Inequality between men and women, John argues, only entered the picture after sin entered the world. "If you're a Christian and you're treating a person you're in relationship with as less than you," he says, "I would say you are cooperating with the fall."
Leave, Cleave, One Flesh
John then walks through the Bible's consistent description of marriage, drawn from Genesis 2:24 and quoted by Jesus himself: "For this reason a man will leave his father and mother, cleave to his wife, and the two will become one flesh."
He breaks this into three parts:
Leave — the legal dimension. Marriage is a public, legally binding commitment. In every culture, the Bible describes marriage as something that involves a ceremony and a formal leaving of the parental relationship. You cannot have a successful marriage if one or both partners still prioritise the old family dynamic over the new one.
Cleave — the emotional dimension. This old-fashioned word simply means to be joined together. It is about exclusive intimacy, a unique kind of love that belongs only within the marriage relationship.
One flesh — the physical and spiritual union. Two lives becoming one.
John is careful to acknowledge that he is speaking generally. He cannot cover every variation and circumstance — especially situations where a marriage may need to end for someone's safety. His encouragement for those in complex situations is to get connected into a small group of Christians where they can talk things through and hear God's wisdom.
Singleness Matters Too
John is equally affirming of singleness, which the Bible also celebrates.
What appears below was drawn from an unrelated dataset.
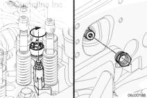 為了減少由于制動(dòng)器搖臂工作間隙不足而造成氣門搖臂軸損壞的可能性,請(qǐng)遵循規(guī)定的螺釘擰緊步驟。氣門搖臂軸的前部有一處機(jī)加工的平面,以提供正確的制動(dòng)器搖臂位置的。因此,必須首先擰緊搖臂軸前部螺釘以控制制動(dòng)器搖臂的位置。安裝氣門搖臂軸之后,必須檢查制動(dòng)器搖臂的工作間隙。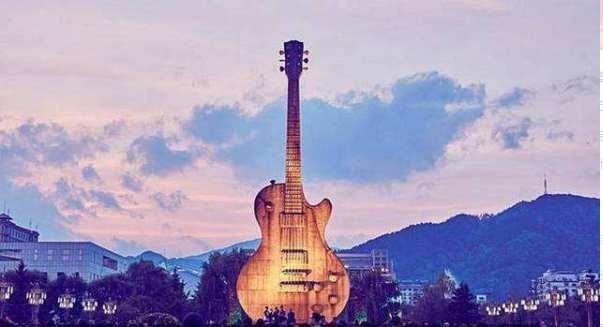 这个大吉他是集安为电影《缝纫机乐队》专门建造的,位于集安市的滨江广场上,电影拍摄之前是没有这个“大吉他”雕塑的,电影结束后,考虑到与当地城市形象不符而被拆除,所以现在去集安的滨江广场是看不到“大吉他”雕塑的。

He pairs his points about marriage with a clear statement that deep, non-sexual friendships are just as valued in scripture.
This is an important balance. In a culture that often treats romantic relationships as the ultimate goal, the Bible presents singleness as a legitimate and honourable way of life — not a waiting room for marriage.
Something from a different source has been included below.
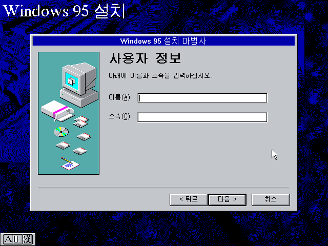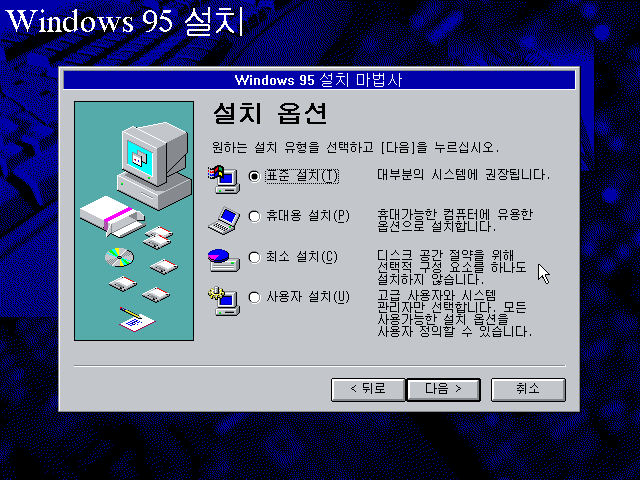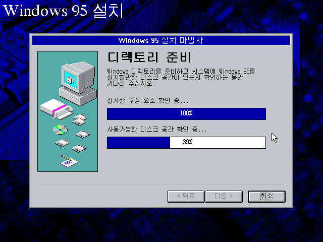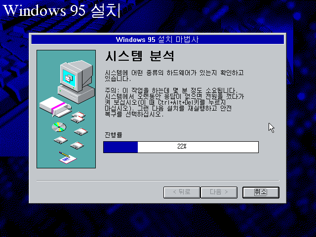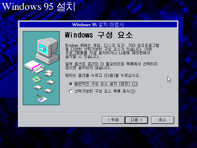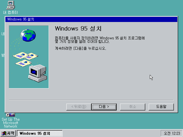 윈도우 95 설치 마법사입니다. 다음을 누릅니다.

What This Looks Like in Practice
The conversation afterwards between Matt and Anna touches on the practical side of relationships — the daily reality of making love work when life is busy, children are demanding, and you are both tired.
John's talk does not offer a magic formula. What it does offer is a framework: start with God, treat each other as equals, commit publicly, prioritise the relationship, and be willing to seek support when things get hard.
A Question to Carry Forward
Relationships will always be complex. No talk, however good, can address every situation. But John leaves us with something worth thinking about.
If God is relational by nature, and we are made in his image, then the quality of our relationships says something about how closely we are reflecting that image. Not perfectly — never perfectly — but intentionally.
What would it look like to bring more of God's character — equality, commitment, sacrificial love — into the relationships that matter most to you?